Iraq will play a central role in the fight against IS and any successor terrorist organisations over the coming years. The Kurdish troops of the ARK are of huge importance, particularly for curbing IS by military means, and the ARK has also made a considerable humanitarian contribution by accepting large numbers of Syrian and Iraqi refugees. Against this backdrop, it is vital that international support for the ARK continues and is intensified. However, the long-term political stabilisation of the region, including the fight against the causes of Islamist extremism, can only be achieved with the involvement of a strengthened central Iraqi government. But the dynamic triggered by the Shia mobilisation, which is threatening to exacerbate the political instability within Iraq, will probably prove more difficult to deal with.
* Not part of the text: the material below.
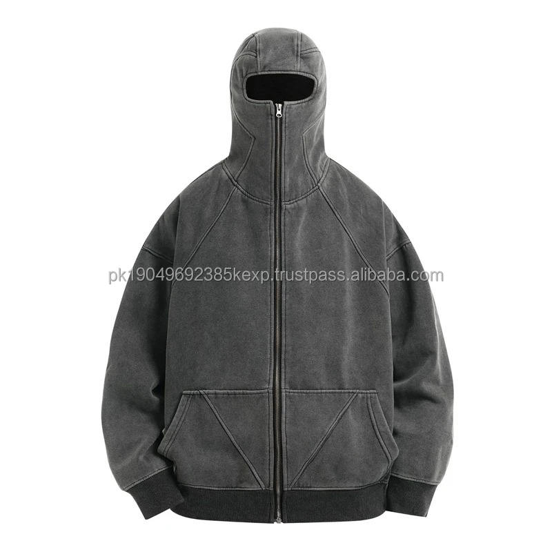 Sudadera Clásica con Capucha Balaclava para Hombre, Gris Lavado, Estilo Hip Hop, Vintage, Primavera, Streetwear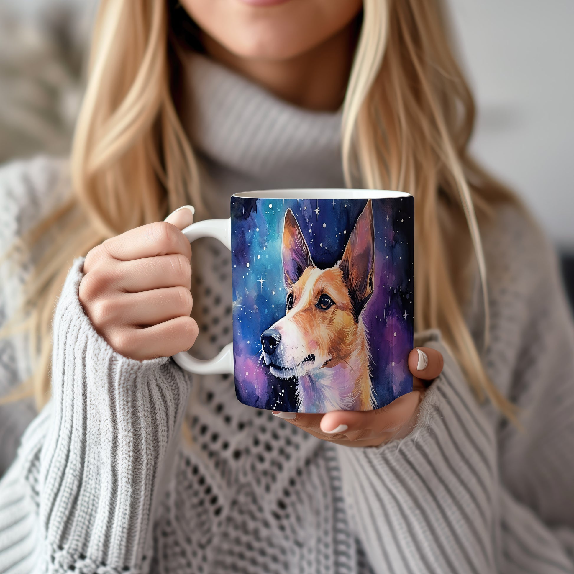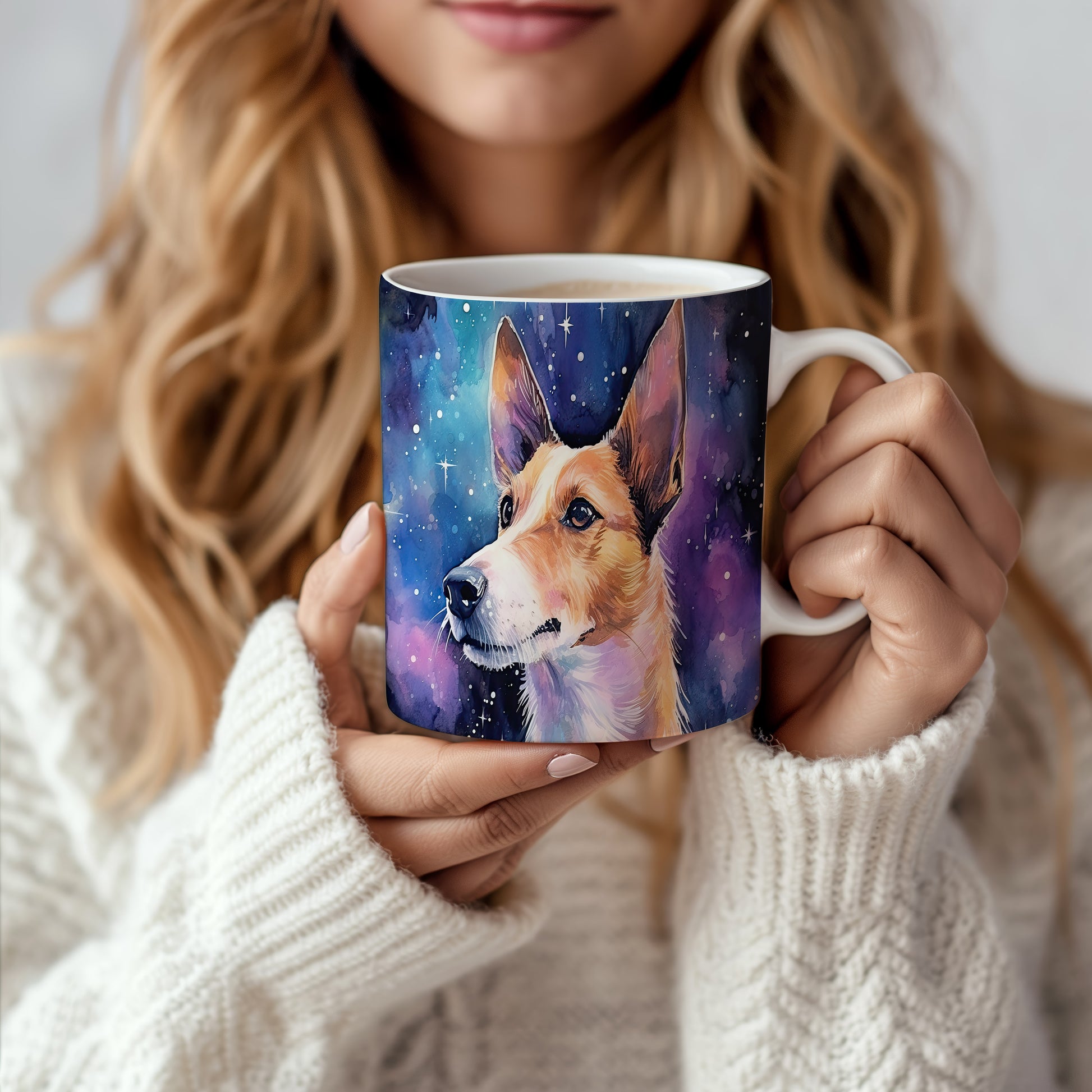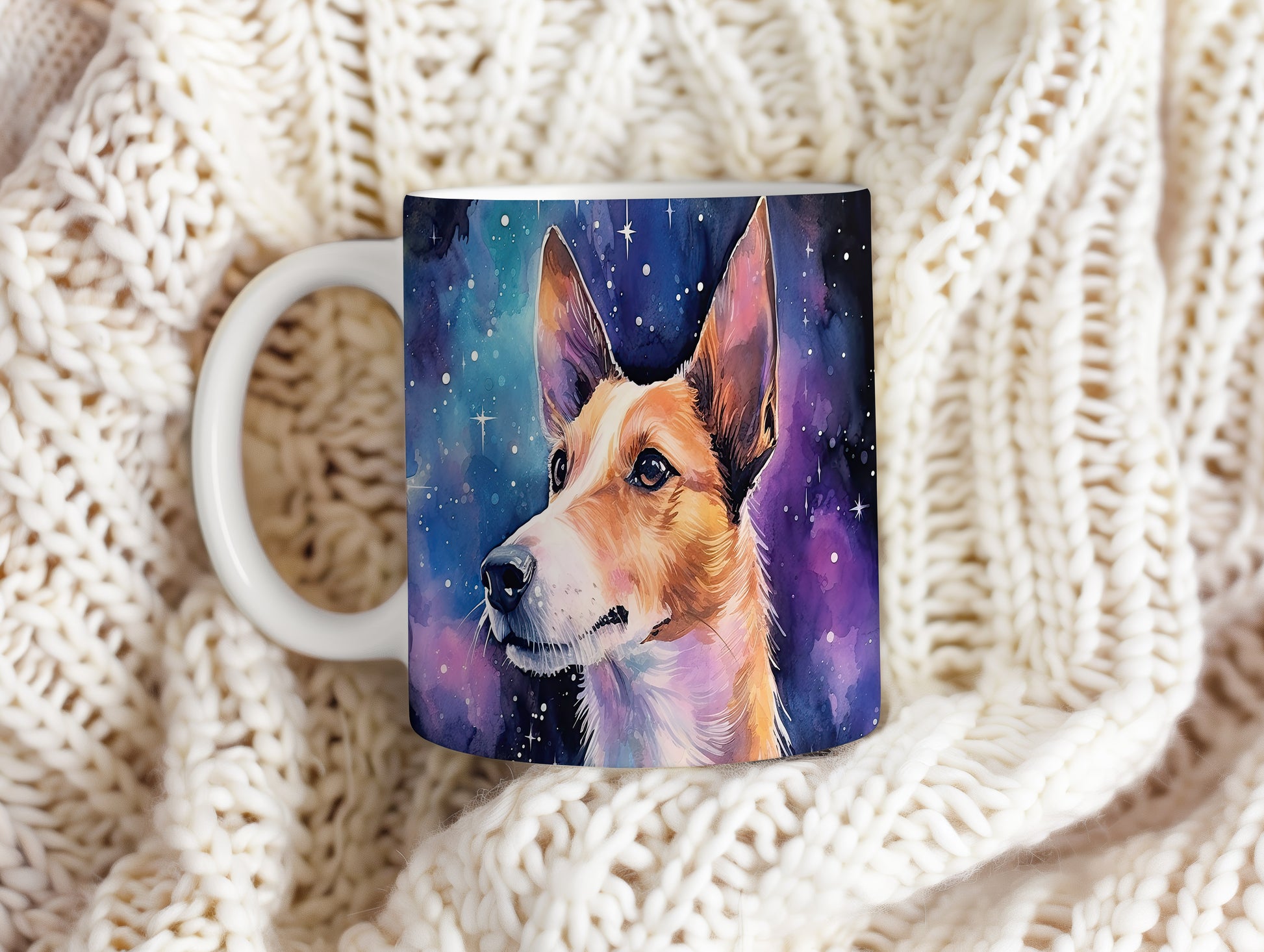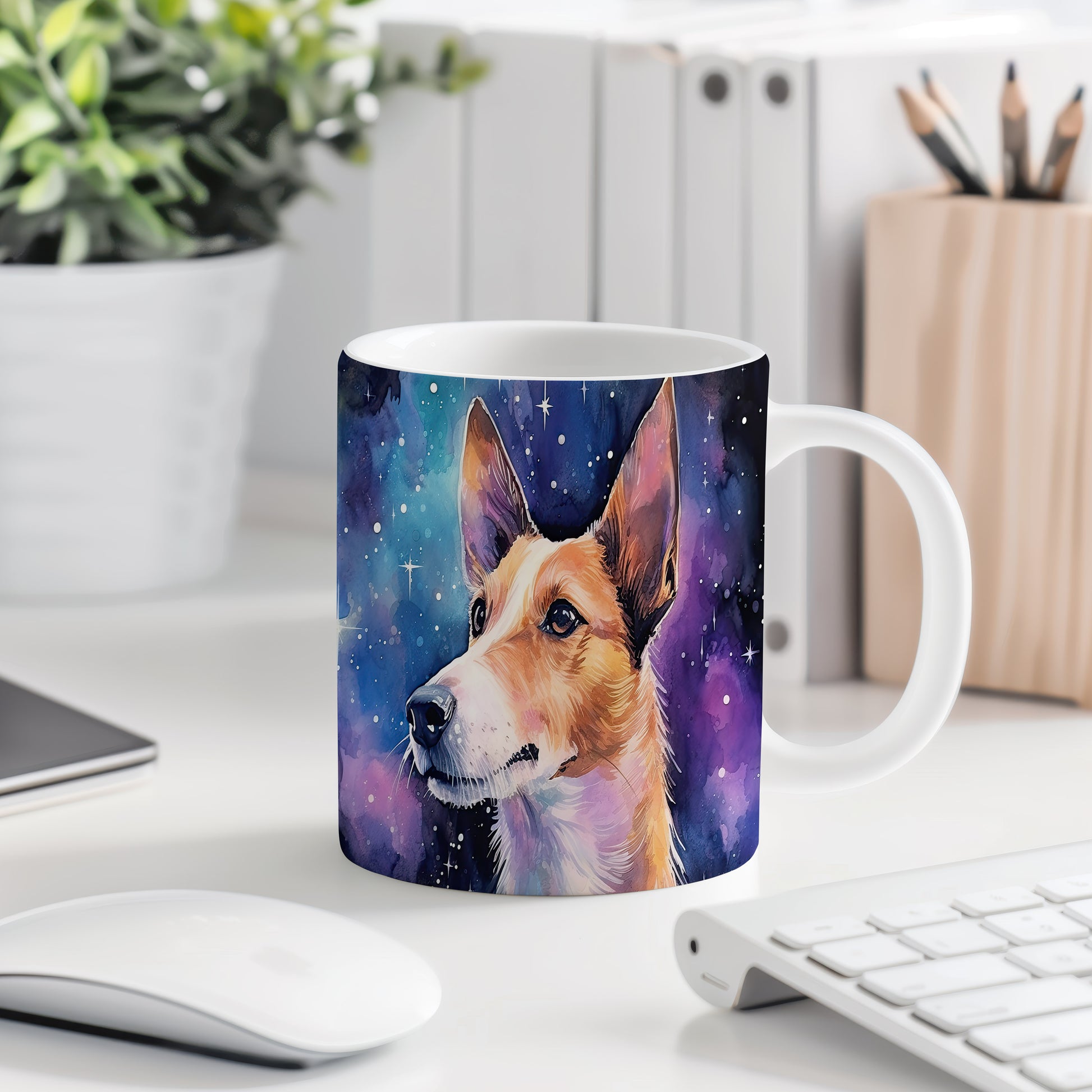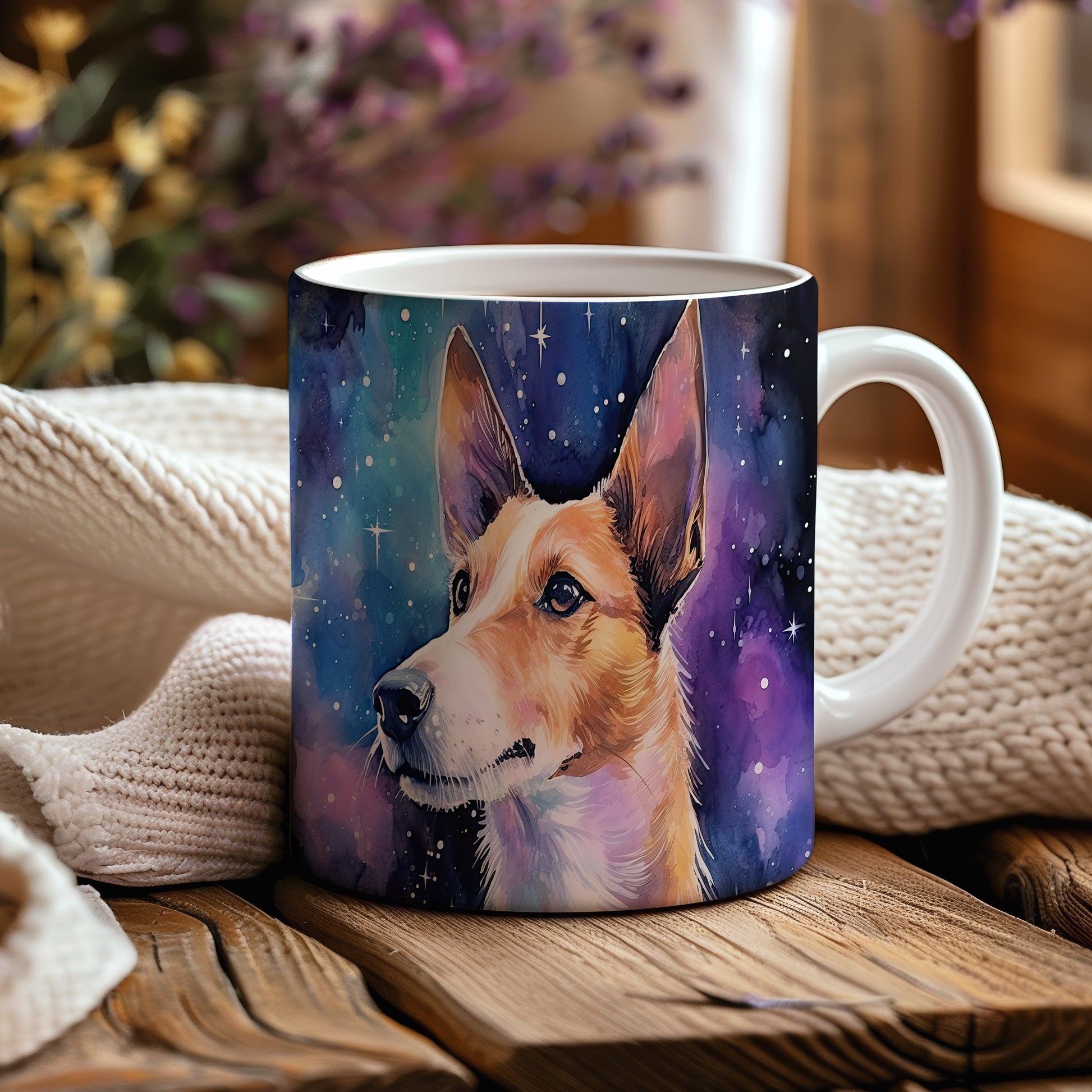 Hrnek s ilustrací psa v galaxii – kosmickým motivem

Even if it will initially not prove possible to totally defeat IS militarily, but only to weaken it gradually, pushing it back into small territories within Syria and Iraq will allow the military, humanitarian and economic stabilisation of the recaptured areas and the integration of the respective local groups into the political process with the effect of permanently denying IS new recruits and support. However, one cannot exclude the possibility of IS going underground in areas of refuge with support structures and backing among the local population looking back at the emergence of the organisation over ten years ago and the limited resources it had access to at the time. Even assuming the recapture of Mosul by the Iraqi Army, massive loss of fighters and equipment as well as having some of its sources of income cut off, IS would still be capable of organising a prolonged terror campaign against sectarian targets in Iraq. Similar scenarios in the neighbouring states of the Levant cannot be ruled out either.
Dr. Malte Gaier is Desk Officer for Syria, Iraq, Lebanon and Jordan at the Konrad-Adenauer-Stiftung.